(This is a 3-part series, link to next post is at the end)
Here’s a new factory for making automobile frames, specifically designed to minimize the need for human labor. The CEO of the company that built it actually said, “We set out to build automobile frames without people.”
At the start of the process, rough steel plates are inspected by electronic sensors, automatically pushing aside any that deviate from tolerances. Conveyors take the plates through punching, pressing, assembling, and nailing machines, as well as a machine that can insert 60 rivets simultaneously in each frame. A set of finishing machines then rinse, dry, spray-paint, and cool the frames. Aside from a few men moving frames between conveyor belts, the floor routine of the plant requires almost no hand labor.
And today’s robotics and artificial-intelligence advances go far beyond automating routine manufacturing labor and take over the kind of cognitive functions once thought to be exclusive to human beings.
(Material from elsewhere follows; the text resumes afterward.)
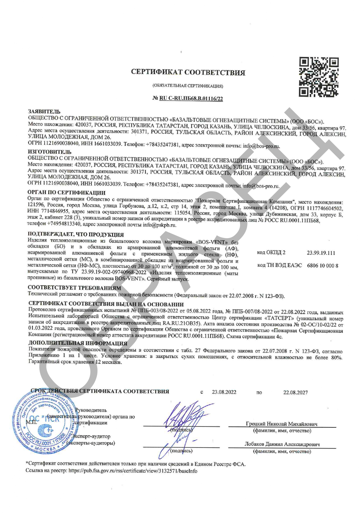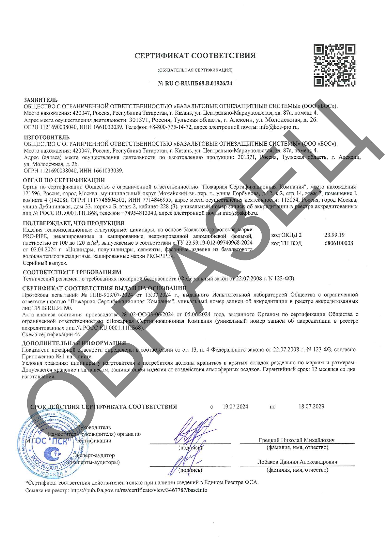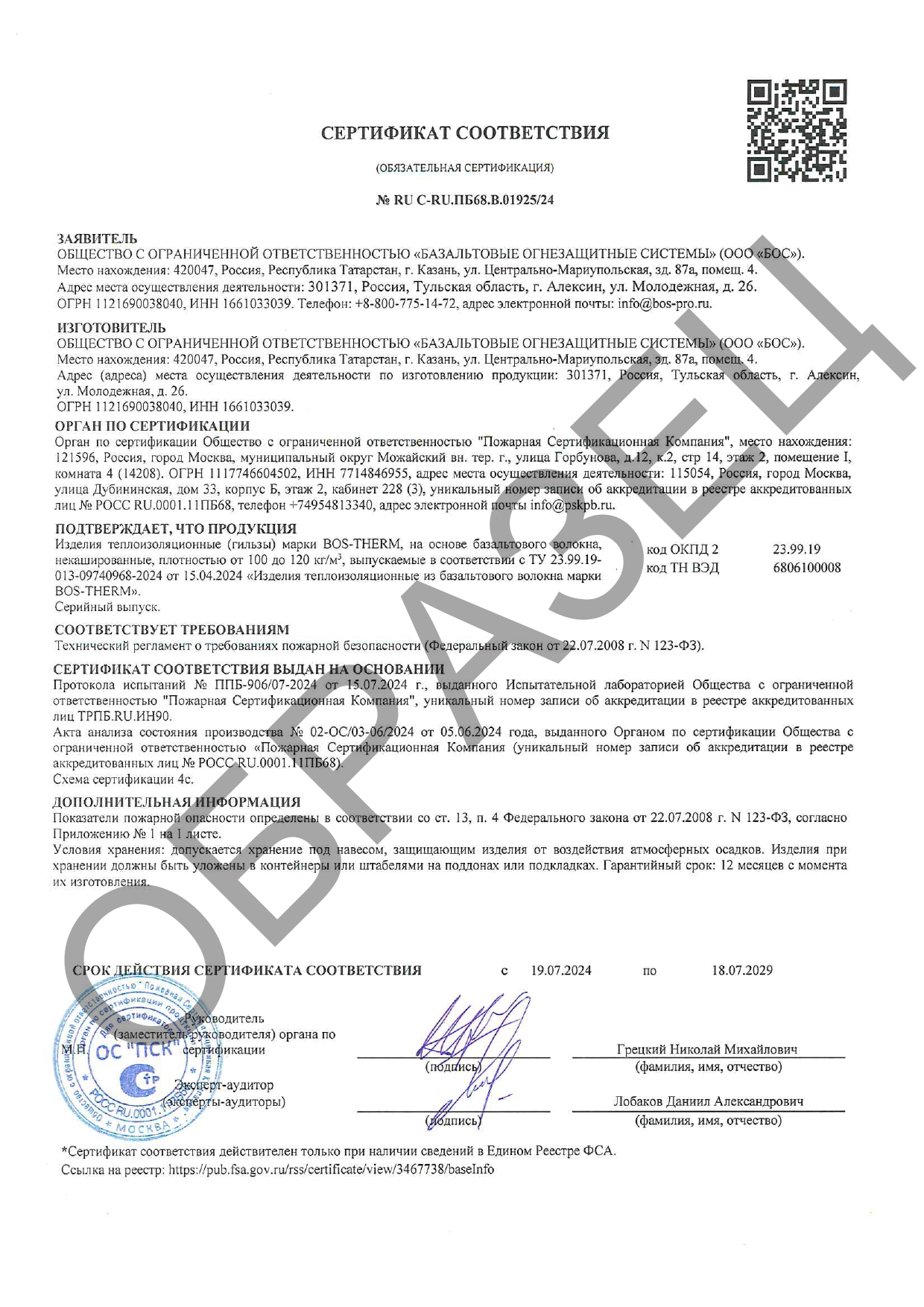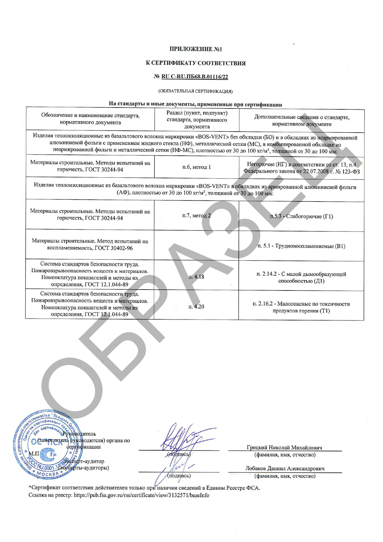 Сертификат соответствия о требованиях пожарной безопасности (на негорючесть) по ГОСТ 30244-94.

Here, for example, is a new AI-based system that displaces much of the thought-work which has been required of the people operating railway switch and signal installations:
The NX control machine is in effect the “brain” of the system. It automatically selects the best optional route if the preferred route is occupied. It will allow no conflicting routes to be set up. It eliminates individual lever control of each switch and signal.
Pretty scary from the standpoint of maintaining anything like full employment, don’t you think?